Literature DB >> 24684906

Lassomycin, a ribosomally synthesized cyclic peptide, kills mycobacterium tuberculosis by targeting the ATP-dependent protease ClpC1P1P2.

Ekaterina Gavrish1, Clarissa S Sit2, Shugeng Cao2, Olga Kandror3, Amy Spoering4, Aaron Peoples4, Losee Ling4, Ashley Fetterman4, Dallas Hughes4, Anthony Bissell1, Heather Torrey1, Tatos Akopian3, Andreas Mueller3, Slava Epstein1, Alfred Goldberg3, Jon Clardy5, Kim Lewis6.   

Abstract

Languishing antibiotic discovery and flourishing antibiotic resistance have prompted the development of alternative untapped sources for antibiotic discovery, including previously uncultured bacteria. Here, we screen extracts from uncultured species against Mycobacterium tuberculosis and identify lassomycin, an antibiotic that exhibits potent bactericidal activity against both growing and dormant mycobacteria, including drug-resistant forms of M. tuberculosis, but little activity against other bacteria or mammalian cells.
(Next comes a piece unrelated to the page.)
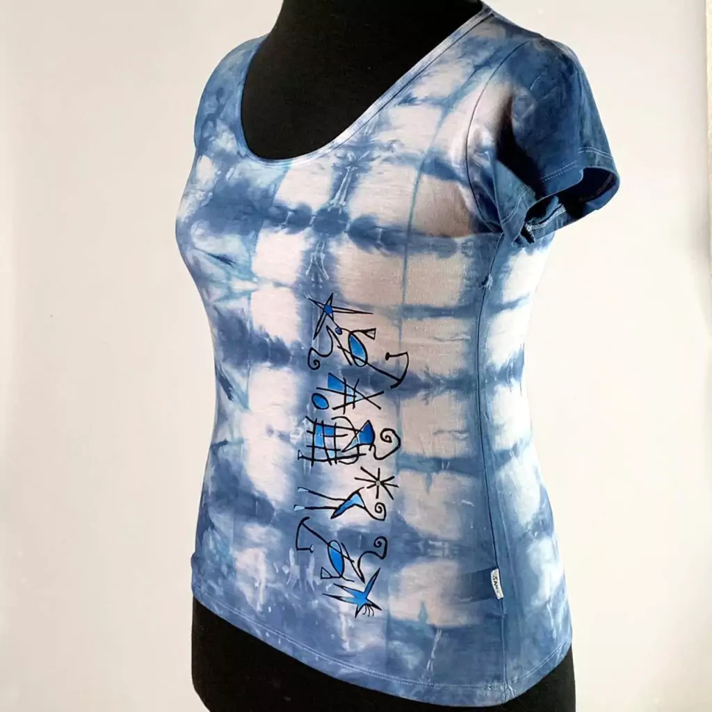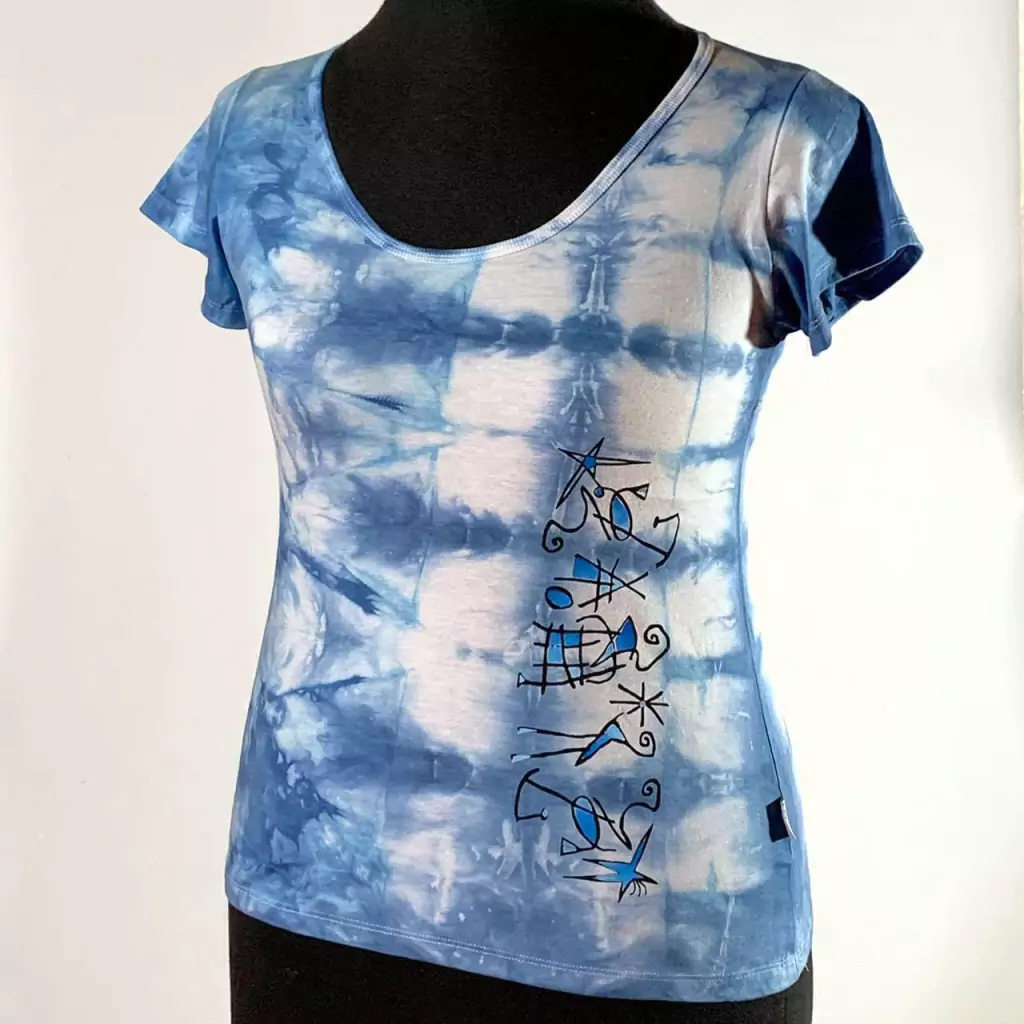 Remera 100% algodón estampada a mano con serigrafía y pintada con stencil.

Lassomycin is a highly basic, ribosomally encoded cyclic peptide with an unusual structural fold that only partially resembles that of other lasso peptides. We show that lassomycin binds to a highly acidic region of the ClpC1 ATPase complex and markedly stimulates its ATPase activity without stimulating ClpP1P2-catalyzed protein breakdown, which is essential for viability of mycobacteria. This mechanism, uncoupling ATPase from proteolytic activity, accounts for the bactericidal activity of lassomycin.
Copyright © 2014 Elsevier Ltd. All rights reserved.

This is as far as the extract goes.